Придели были уже немолоды, и незнакомая радость пугала их. Они стояли в дверях барака, держась друг за друга. В бараке играли в карты. Во всей округе не было соломы, и куча тряпья распространяла запах лизола, которым ветеринар поливал все вокруг. Женщина подошла и сказала, что в Неаполе можно найти странствующего мохела. Ветеринар явился взглянуть на новорожденного и промолвил: «Ребенок выказывает несомненные признаки здоровья». Ужас не покидал родителей. Все страхи, живущие в них, отражались в их глазах. Мать не отходила от двери, точно ожидала пришествия Мессии. Отец бегал в горы достать козьего молока. Он обменял несколько золотых на местные деньги. Раз в день приезжала полевая кухня и привозила суп. Это был тяжелый суп. Люди предпочитали есть сардины, оставшиеся в кладовой. Ветеринар давал ребенку снотворное. Родители сидели рядом с ребенком и охраняли его сон.

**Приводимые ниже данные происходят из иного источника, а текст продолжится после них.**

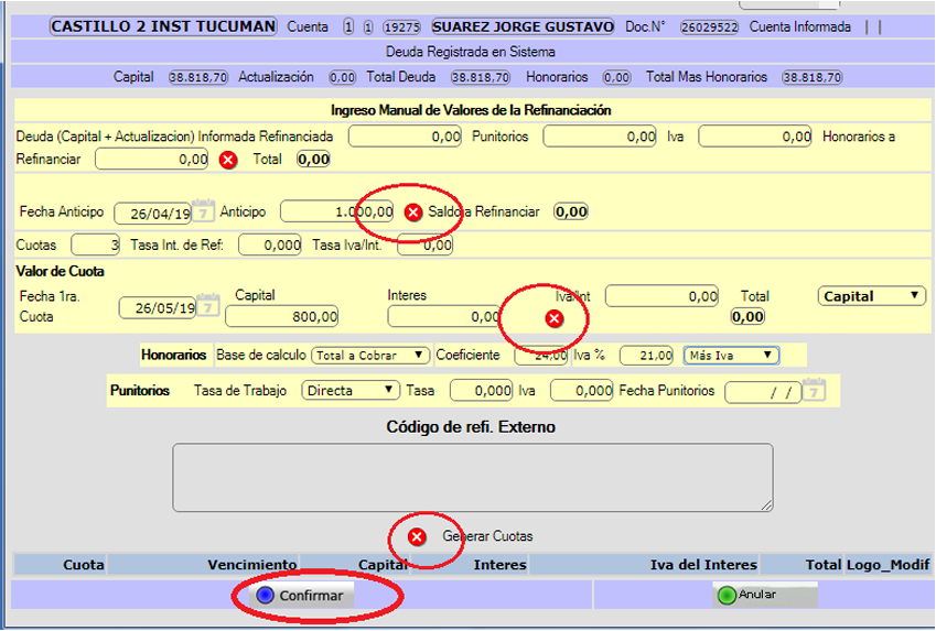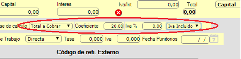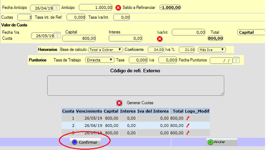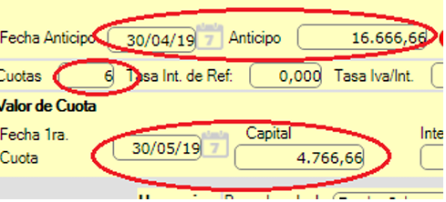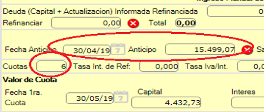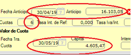 Ingresamos el anticipo capital + cuotas si corresponde + fecha de cuotas (utilizando almanaque) + base de cálculo (TOTAL A COBRAR) + coeficiente según corresponda la cartera o mora + IVA % (si corresponde) + IVA incluido o más IVA (según corresponda)

Они не знали, когда за ними придут и позовут на пароход. Казалось, о них забыли. Люди были горды и не ждали помощи извне. Сардин было много, разных сортов. Они легко могли провести здесь всю зиму.
«Почему бы тебе не пойти в Неаполь и привести мохела», — говорила мать. Она разговаривала сама с собой. Вся женственность ее исчезла, лицо высохло и сморщилось. Отец злился: «Куда я пойду сейчас, ветры. Кто же может добраться до Неаполя?» Зима давала себя знать. Горы посерели. Дороги утонули в грязи, и только цистерна с супом приезжала в положенный час, в полдень.
За годы войны ветеринар переродился. Был мал и добр, точно и не ветеринар, а врач, повидавший немало страданий. Он приходил к родителям, сидел с ними, пытаясь утешить. В карты играть не умел, и картежники звали его «ветеринар».